Two-factor authentication system AUTH.AS: Technical overview
Let‘s question ourselves - what is a two-factor authentication system? Without going into details, the answer is quite simple – it’s a system, that helps protect data. But, as you know, the devil is in details, and details are, that the system becomes a subject to very specific requirements and it’s not easy to comply with them.

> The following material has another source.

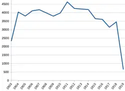 The ballast pit closed in 1940 and the stockyards were removed in 1973. A goods shed, loading bank, passing loop and fertiliser siding remained in 1980, but the station closed to all but wagon loads on 21 July 1980 and to all traffic on Saturday, 19 April 1986.[9]

We defined main requirements for our system:
- Scalability and Resiliency
- Comfort, Functionality and Ease of use
These requirements are sound simple, but, at the same time, complicated in details. We relied on each of these requirements, when we were designing and constructing our system. We used the best solutions, in our opinion, to meet these requirements.

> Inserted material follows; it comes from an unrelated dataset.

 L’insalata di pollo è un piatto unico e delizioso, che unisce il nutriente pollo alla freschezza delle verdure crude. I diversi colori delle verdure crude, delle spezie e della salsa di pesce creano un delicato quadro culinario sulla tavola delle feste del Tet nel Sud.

Let’s briefly look at the “technology stack” we are using.
- We are using open-source, Linux - family operating system (OS), as a platform; we took CentOS as a basis. This OS is actively developed and supported.
- As soon as the system have to store data, we took a sufficiently mature and actively developing decision - Apache Cassandra. This is NoSQL database with unique functions, that will be reviewed later.
- Any system, that is a link in the chain of data access, should have a good, scalable logging system. For that, we used a specialized database called “ElasticSearch”.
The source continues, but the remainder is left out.